El cumplimiento de esta profecía de Isaías queda testimoniado en Mt 1,18ss: “Estando desposada


María, su madre, con José, antes de que conviviesen, se halló haber concebido María del Espíritu Santo…”
Y Lc 1,34s.: “Dijo María al ángel: ¿Cómo podrá ser esto, pues yo no conozco varón?
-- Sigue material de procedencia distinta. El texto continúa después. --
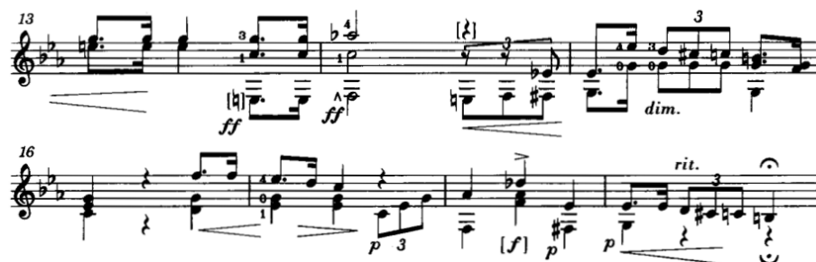
Figura 10: Mertz: Nänien Trauerlieder, Am Grabe der Geliebten , guitarra 2.

A partir del compás 20 y hasta el compás 35, alternado entre ambas guitarras, encontramos un tópico de pictorialismo, el cual Ratner (1980) explica que el pictorialismo en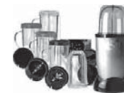
moulin légumes électrique

Vous ne produisez des caviars que rarement, en petites quantités pour des événements ? Un petit moulin légumes à multiples récipients, de type Magic Bullet, à 50 euros fera l'affaire, comme pour une utilisation en petite famille.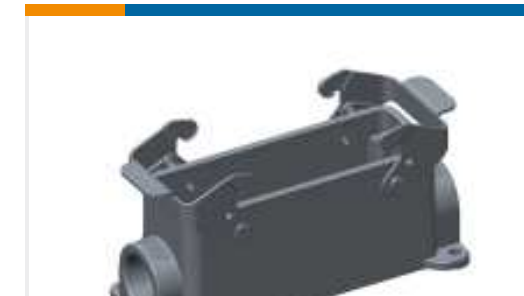
TE Teilnr.:T1440242121-000 H24B-SGR-PG21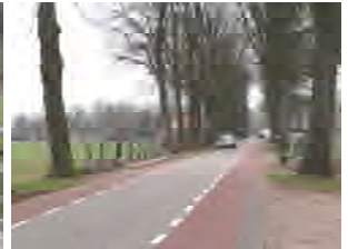
Brug nr. 9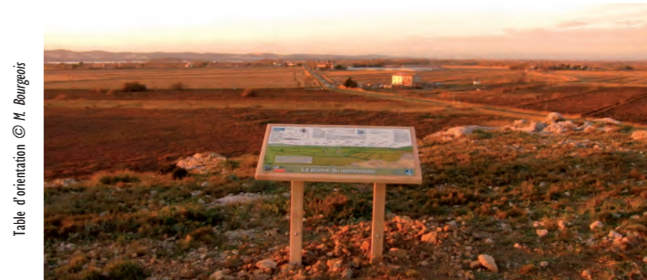
Table d'orientation

Au bas du chemin conduisant aux lieux d'observation, un premier panneau, invite à « Vivre la migration des oiseaux ». Au sommet, trois tables d'orientation permettent une bonne lecture des paysages communément survolés par les migrateurs. Les profanes – je reconnais en être un – ne se sentiront plus exclus de la secte des initiés pour qui La couleuvre , La chandelle , La martellière rouge , La 2ème rizière et autres termes aussi secrets que sacrés ne sont que banalités. Alors, braquant négligemment leurs jumelles vers un infini devenu familier, ils pourront dire, avec l'air détaché du baroudeur qui a inscrit plus d'un spot à son palmarès : « Un circa juvénile entre l'Arbre isolé et la Capoulade ».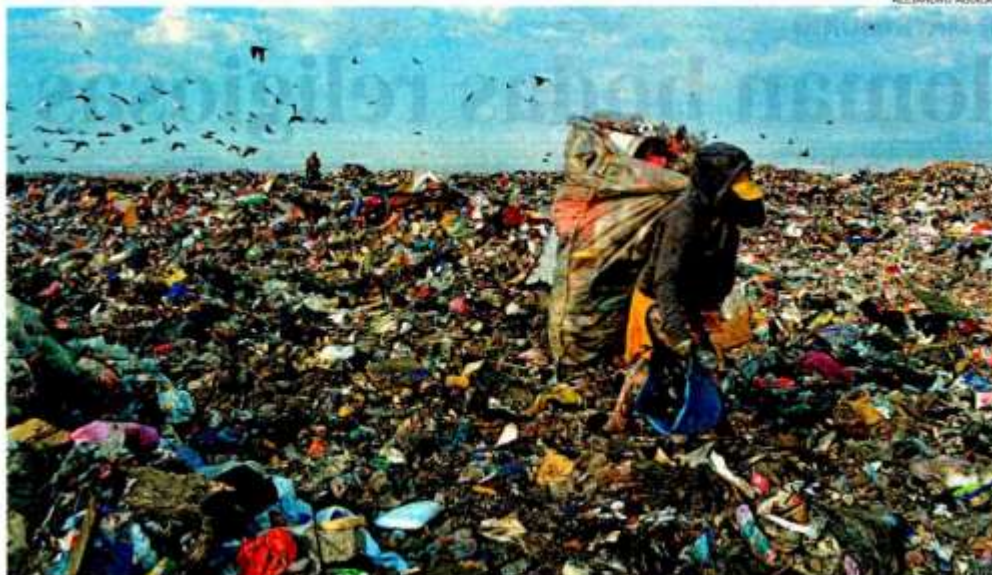
Reciclar y reusar diversos materiales no va a resolver por sí solo el problema del calentamiento global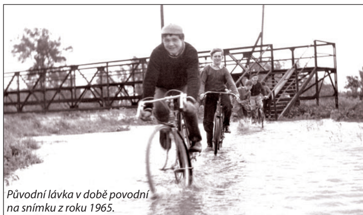
Původní lávka v době povodní na snímku z roku 1965.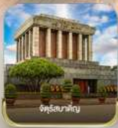
วัดสุรัสวดี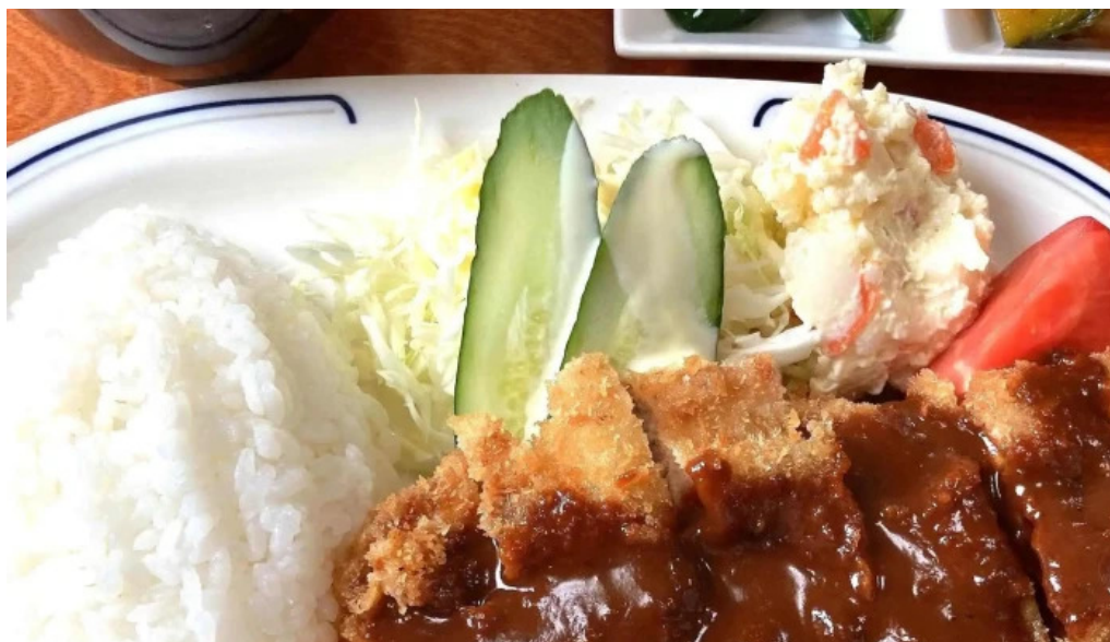
井乃食堂 comentario 1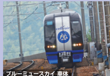
ブルーミュージスカイ 車体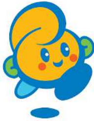
会津坂下町イメージキャラクター バンビィ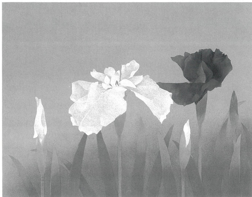
松本勝「菖蒲」リトグラフ 40.9×53.0 cm 1992年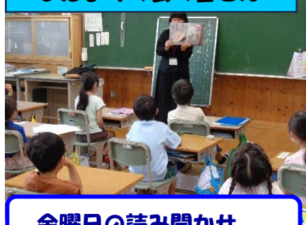
金曜日の読み聞かせ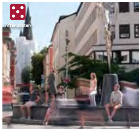
MENS VI VENTER FÅR VI GÅ audioguidet vandreteater - når du vil Starte utenfor Hovedscenen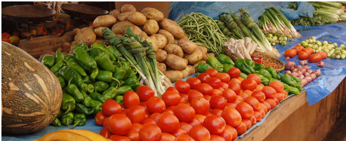
Reichhaltiges Angebot an Gemüse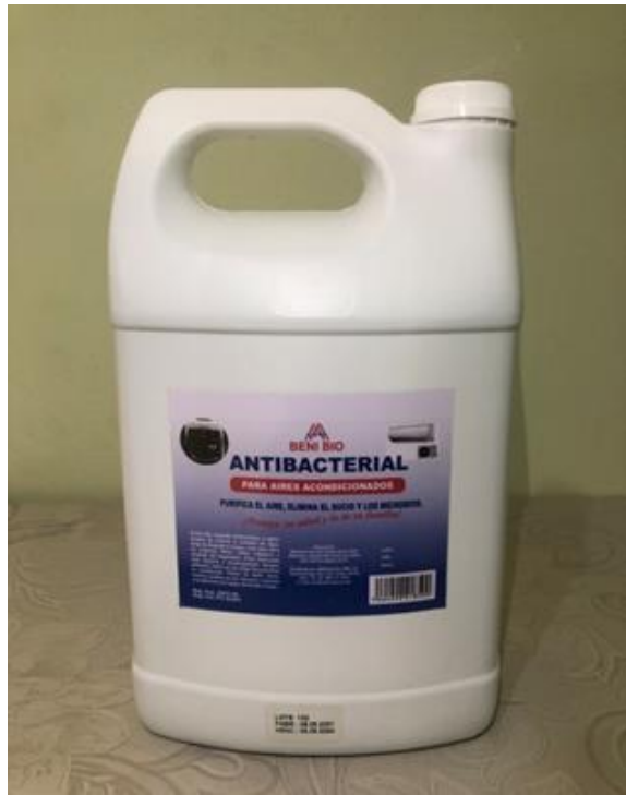
Caja de 4 y 6 Unidades de 1 Galón

Para Desinfectar y Limpiar los Aires Acondicionados prevenir Bacterias, Viren, Hogos etc.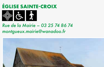
Église XVI e siècle

Visites commentées *Dimanche 14h30-17h30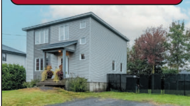
Maison 26x26 construite en 2013 avec la certification novoclimat, 3 chambres. Grand patio 12 x 18, pergola, terrain paysager et clôturé de plus de 9 750 pi². Disponible rapidement. 279,500$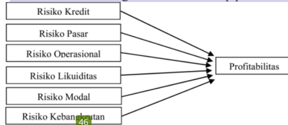
Gambar 1 Model Penelitian

Sedangkan Model Penelitian Pengaruh risiko terhadap profitabilitas sebagai berikut:

E ángel le contestó y
dijo: [El] Espíritu Santo vendrá sobre ti y [la] virtud del Altísimo te cubrirá con su sombra”. Como María
vivía en legitimo matrimonio con José, éste era el padre legal de Jeús; Lc 3,23: “el hijo de José”, según se
creía.

Los Padres dan testimonio unánime de la concepción virginal de María: San Ignacio de Antioquía:
“Nacido verdaderamente de una virgen”. Comenzando por San Justino, se propugna la interpretación
mesiánica de Is 7,14, se insiste en que las palabras del texto hay que entenderlas en el sentido de que la
madre de Emmanuel concebirá y dará a luz como virgen.

Virginidad en el parto
María dio a luz sin detrimento de su integridad virginal (De fe por razón del magisterio universal de
la Iglesia).
Is 7,14 "La virgen concebirá y dará a luz": es la misma la persona que concibe y da a luz, y lo hace siendo
virgen.
Lc 1,35: "Lo que nacerá santo será llamado hijo de Dios" En griego hay cuatro lecturas siguiendo esta
"nacer santo" es lo opuesto a nacer en pecado, es decir "de las sangres". Por tanto, nacer santo equivale a
nacer virginalmente.
Lc 2,7 (texto de la purificación): 1) dice tres veces "la ley del templo" implica el carácter meramente ritual
de esta ceremonia. 2) purificación del "ellos" no sólo de María; por tanto María tenía tanta necesidad de ser
purificada como José, es decir, ninguna. 3) Al citar el AT se omite la parte referente al sacrificio de
purificación. María no tenía nada que purificar.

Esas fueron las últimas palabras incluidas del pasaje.